Bagi keduanya, musik juga tidak lahir dari ruang kosong. Pengalaman hidup menjadi salah satu sumber inspirasi. Kisah percintaan, misalnya, bisa berangkat dari pengalaman jatuh cinta hingga cerita ketika seseorang harus menerima kenyataan ditinggalkan.
Pengalaman-pengalaman semacam itu kemudian diolah menjadi lagu. Di tangan Detania, kisah personal tidak berhenti sebagai kenangan, tetapi dapat berubah menjadi bunyi, lirik, dan cerita yang mungkin saja menemukan pengalaman serupa dalam diri pendengarnya.
Kini, Detania mulai melirik ruang yang lebih luas. Industri film menjadi salah satu pintu yang ingin mereka jajaki. Soundtrack film horor bahkan menjadi kemungkinan yang cukup menggoda.
“Harapannya film horor Indonesia semakin maju dan mudah-mudahan lagu kami bisa dipakai sebagai soundtrack,” ujar salah satu personel Detania.

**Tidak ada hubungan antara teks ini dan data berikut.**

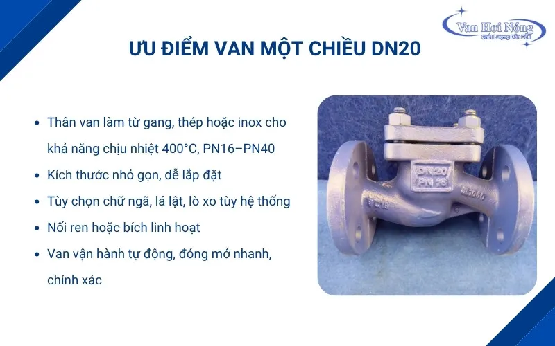 Van một chiều DN20 sở hữu nhiều ưu điểm nổi bật giúp nó trở thành sự lựa chọn lý tưởng cho nhiều hệ thống hơi nóng, dầu nóng, khí nén,…

Keinginan itu bukan tanpa alasan. Bagi Detania, musik memiliki peran penting dalam membangun atmosfer sebuah film. Sebuah melodi dapat mempertebal ketegangan, sementara lirik tertentu bisa meninggalkan gema setelah layar berhenti menyala.
Di titik itulah Detania melihat kemungkinan kolaborasi antara musik dan film. Mereka tidak sekadar ingin menjadi pengisi suara, tetapi berharap suatu saat dapat menjadi bagian dari cerita yang dibangun sebuah film melalui soundtrack.
Langkah tersebut sekaligus menjadi bagian dari perjalanan Detania untuk memperkenalkan karya mereka kepada khalayak yang lebih luas. Tidak hanya di Indonesia, duo ini menyimpan harapan agar musik mereka kelak dapat menyeberangi batas geografis dan diterima di tingkat internasional.
“Kami berharap bisa membuat musik yang diterima masyarakat Indonesia, terus berkembang dan mudah-mudahan bisa sampai ke tingkat internasional,” kata mereka.
Festival film horor itu, dengan demikian, boleh jadi bukan sekadar persinggahan bagi Detania. Dari ruang yang membicarakan film-film penuh ketegangan itu, mereka menemukan kemungkinan baru: musik sebagai jembatan menuju layar lebar.
Siapa tahu, suatu hari nanti, ketika lampu bioskop dipadamkan dan adegan pertama film horor mulai bergulir, suara Detania justru menjadi musik yang mengantar penonton memasuki dunia penuh misteri tersebut.